**What you will do**: In the copy you make of the entries, no picture should appear, and every word must match.

---- Records for this exercise

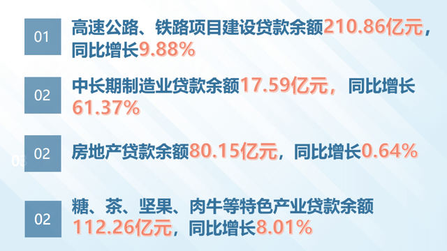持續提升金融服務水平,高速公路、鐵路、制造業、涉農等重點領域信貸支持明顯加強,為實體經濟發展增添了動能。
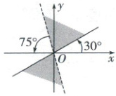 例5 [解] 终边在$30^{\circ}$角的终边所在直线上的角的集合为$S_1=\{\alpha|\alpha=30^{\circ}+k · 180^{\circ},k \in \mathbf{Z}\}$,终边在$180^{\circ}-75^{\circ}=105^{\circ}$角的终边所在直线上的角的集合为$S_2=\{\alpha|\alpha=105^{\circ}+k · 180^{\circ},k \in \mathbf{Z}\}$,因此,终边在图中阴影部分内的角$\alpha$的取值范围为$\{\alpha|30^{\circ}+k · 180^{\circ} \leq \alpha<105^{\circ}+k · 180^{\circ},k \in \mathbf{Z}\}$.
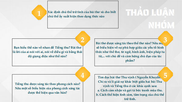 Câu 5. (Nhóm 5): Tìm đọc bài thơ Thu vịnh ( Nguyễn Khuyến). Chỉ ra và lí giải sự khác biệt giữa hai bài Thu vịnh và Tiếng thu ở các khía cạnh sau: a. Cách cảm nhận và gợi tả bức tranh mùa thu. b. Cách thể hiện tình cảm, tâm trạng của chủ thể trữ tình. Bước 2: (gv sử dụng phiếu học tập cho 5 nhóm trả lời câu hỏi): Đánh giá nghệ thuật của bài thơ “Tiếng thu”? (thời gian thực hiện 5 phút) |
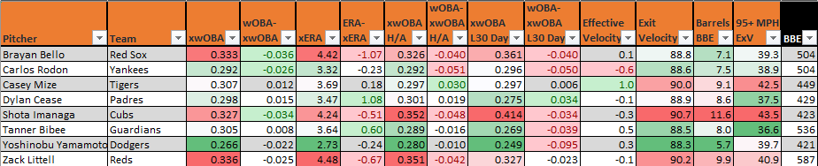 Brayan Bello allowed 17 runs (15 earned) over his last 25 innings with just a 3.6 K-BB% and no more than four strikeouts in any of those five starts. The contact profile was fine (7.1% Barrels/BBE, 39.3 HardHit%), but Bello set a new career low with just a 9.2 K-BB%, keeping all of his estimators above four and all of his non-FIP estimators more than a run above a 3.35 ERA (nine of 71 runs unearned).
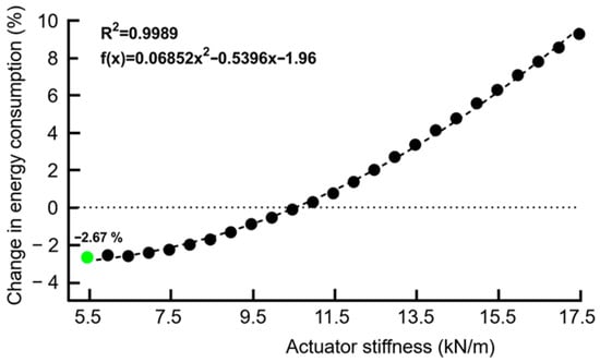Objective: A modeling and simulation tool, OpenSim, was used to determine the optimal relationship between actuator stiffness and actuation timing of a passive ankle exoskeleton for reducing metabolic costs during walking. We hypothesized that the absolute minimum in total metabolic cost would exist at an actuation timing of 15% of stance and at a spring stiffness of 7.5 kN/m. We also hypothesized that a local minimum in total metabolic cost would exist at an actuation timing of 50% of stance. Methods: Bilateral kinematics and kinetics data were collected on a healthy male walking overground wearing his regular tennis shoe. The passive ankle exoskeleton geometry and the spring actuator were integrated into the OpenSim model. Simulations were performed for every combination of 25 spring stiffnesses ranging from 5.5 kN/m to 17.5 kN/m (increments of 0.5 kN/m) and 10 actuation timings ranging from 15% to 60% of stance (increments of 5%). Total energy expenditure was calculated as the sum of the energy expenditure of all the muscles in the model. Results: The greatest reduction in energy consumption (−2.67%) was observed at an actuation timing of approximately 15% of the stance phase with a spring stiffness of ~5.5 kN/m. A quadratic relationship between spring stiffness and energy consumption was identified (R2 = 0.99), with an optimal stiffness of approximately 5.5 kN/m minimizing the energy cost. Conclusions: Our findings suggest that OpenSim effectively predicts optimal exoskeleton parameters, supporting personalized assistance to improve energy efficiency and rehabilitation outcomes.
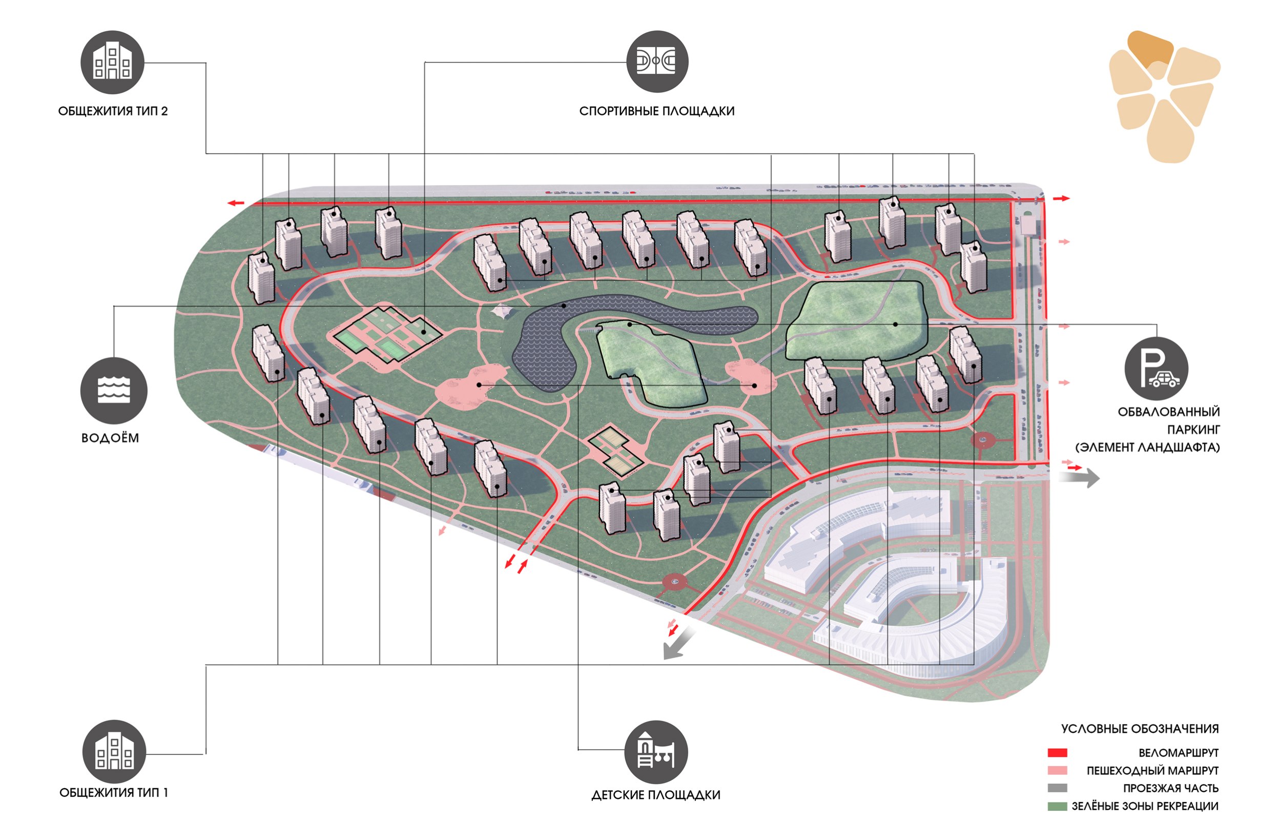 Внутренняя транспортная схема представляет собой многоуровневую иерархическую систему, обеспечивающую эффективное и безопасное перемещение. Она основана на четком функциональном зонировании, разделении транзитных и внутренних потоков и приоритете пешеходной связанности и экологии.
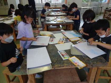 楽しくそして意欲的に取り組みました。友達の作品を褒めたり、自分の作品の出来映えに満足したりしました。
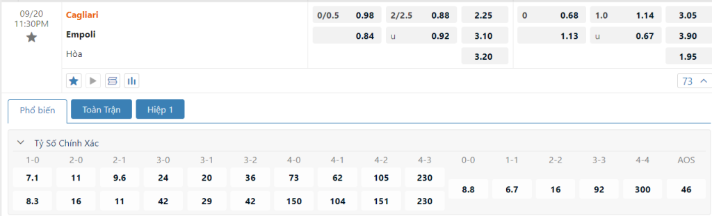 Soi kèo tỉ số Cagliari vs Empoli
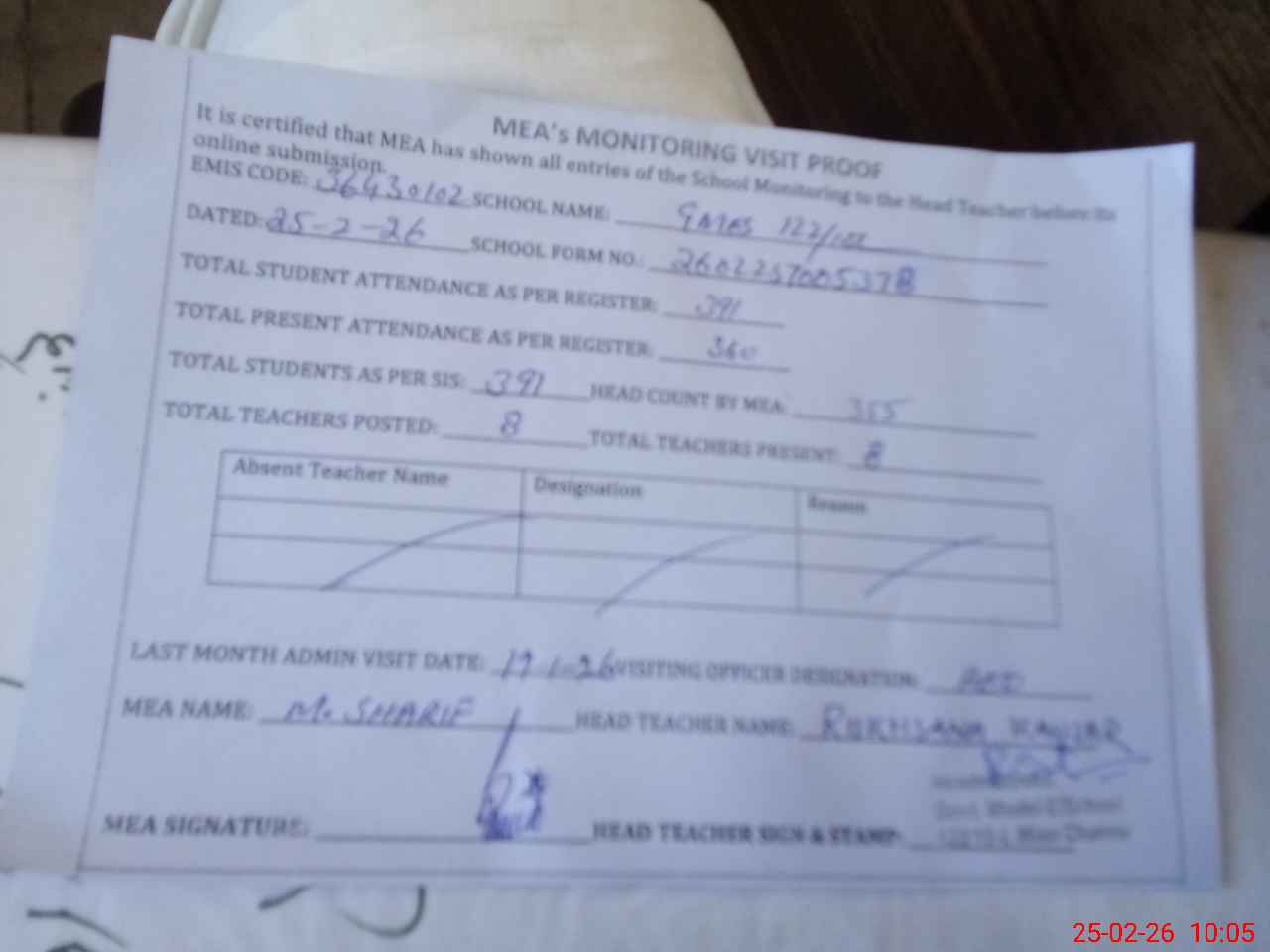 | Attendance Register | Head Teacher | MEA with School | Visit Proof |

--------

**Output below**:
持續提升金融服務水平,高速公路、鐵路、制造業、涉農等重點領域信貸支持明顯加強,為實體經濟發展增添了動能。
 例5 [解] 终边在$30^{\circ}$角的终边所在直线上的角的集合为$S_1=\{\alpha|\alpha=30^{\circ}+k · 180^{\circ},k \in \mathbf{Z}\}$,终边在$180^{\circ}-75^{\circ}=105^{\circ}$角的终边所在直线上的角的集合为$S_2=\{\alpha|\alpha=105^{\circ}+k · 180^{\circ},k \in \mathbf{Z}\}$,因此,终边在图中阴影部分内的角$\alpha$的取值范围为$\{\alpha|30^{\circ}+k · 180^{\circ} \leq \alpha<105^{\circ}+k · 180^{\circ},k \in \mathbf{Z}\}$.
 Câu 5. (Nhóm 5): Tìm đọc bài thơ Thu vịnh ( Nguyễn Khuyến). Chỉ ra và lí giải sự khác biệt giữa hai bài Thu vịnh và Tiếng thu ở các khía cạnh sau: a. Cách cảm nhận và gợi tả bức tranh mùa thu. b. Cách thể hiện tình cảm, tâm trạng của chủ thể trữ tình. Bước 2: (gv sử dụng phiếu học tập cho 5 nhóm trả lời câu hỏi): Đánh giá nghệ thuật của bài thơ “Tiếng thu”? (thời gian thực hiện 5 phút) |
 Brayan Bello allowed 17 runs (15 earned) over his last 25 innings with just a 3.6 K-BB% and no more than four strikeouts in any of those five starts. The contact profile was fine (7.1% Barrels/BBE, 39.3 HardHit%), but Bello set a new career low with just a 9.2 K-BB%, keeping all of his estimators above four and all of his non-FIP estimators more than a run above a 3.35 ERA (nine of 71 runs unearned).
Objective: A modeling and simulation tool, OpenSim, was used to determine the optimal relationship between actuator stiffness and actuation timing of a passive ankle exoskeleton for reducing metabolic costs during walking. We hypothesized that the absolute minimum in total metabolic cost would exist at an actuation timing of 15% of stance and at a spring stiffness of 7.5 kN/m. We also hypothesized that a local minimum in total metabolic cost would exist at an actuation timing of 50% of stance. Methods: Bilateral kinematics and kinetics data were collected on a healthy male walking overground wearing his regular tennis shoe. The passive ankle exoskeleton geometry and the spring actuator were integrated into the OpenSim model. Simulations were performed for every combination of 25 spring stiffnesses ranging from 5.5 kN/m to 17.5 kN/m (increments of 0.5 kN/m) and 10 actuation timings ranging from 15% to 60% of stance (increments of 5%). Total energy expenditure was calculated as the sum of the energy expenditure of all the muscles in the model. Results: The greatest reduction in energy consumption (−2.67%) was observed at an actuation timing of approximately 15% of the stance phase with a spring stiffness of ~5.5 kN/m. A quadratic relationship between spring stiffness and energy consumption was identified (R2 = 0.99), with an optimal stiffness of approximately 5.5 kN/m minimizing the energy cost. Conclusions: Our findings suggest that OpenSim effectively predicts optimal exoskeleton parameters, supporting personalized assistance to improve energy efficiency and rehabilitation outcomes.
 Внутренняя транспортная схема представляет собой многоуровневую иерархическую систему, обеспечивающую эффективное и безопасное перемещение. Она основана на четком функциональном зонировании, разделении транзитных и внутренних потоков и приоритете пешеходной связанности и экологии.
 楽しくそして意欲的に取り組みました。友達の作品を褒めたり、自分の作品の出来映えに満足したりしました。
 Soi kèo tỉ số Cagliari vs Empoli
 | Attendance Register | Head Teacher | MEA with School | Visit Proof |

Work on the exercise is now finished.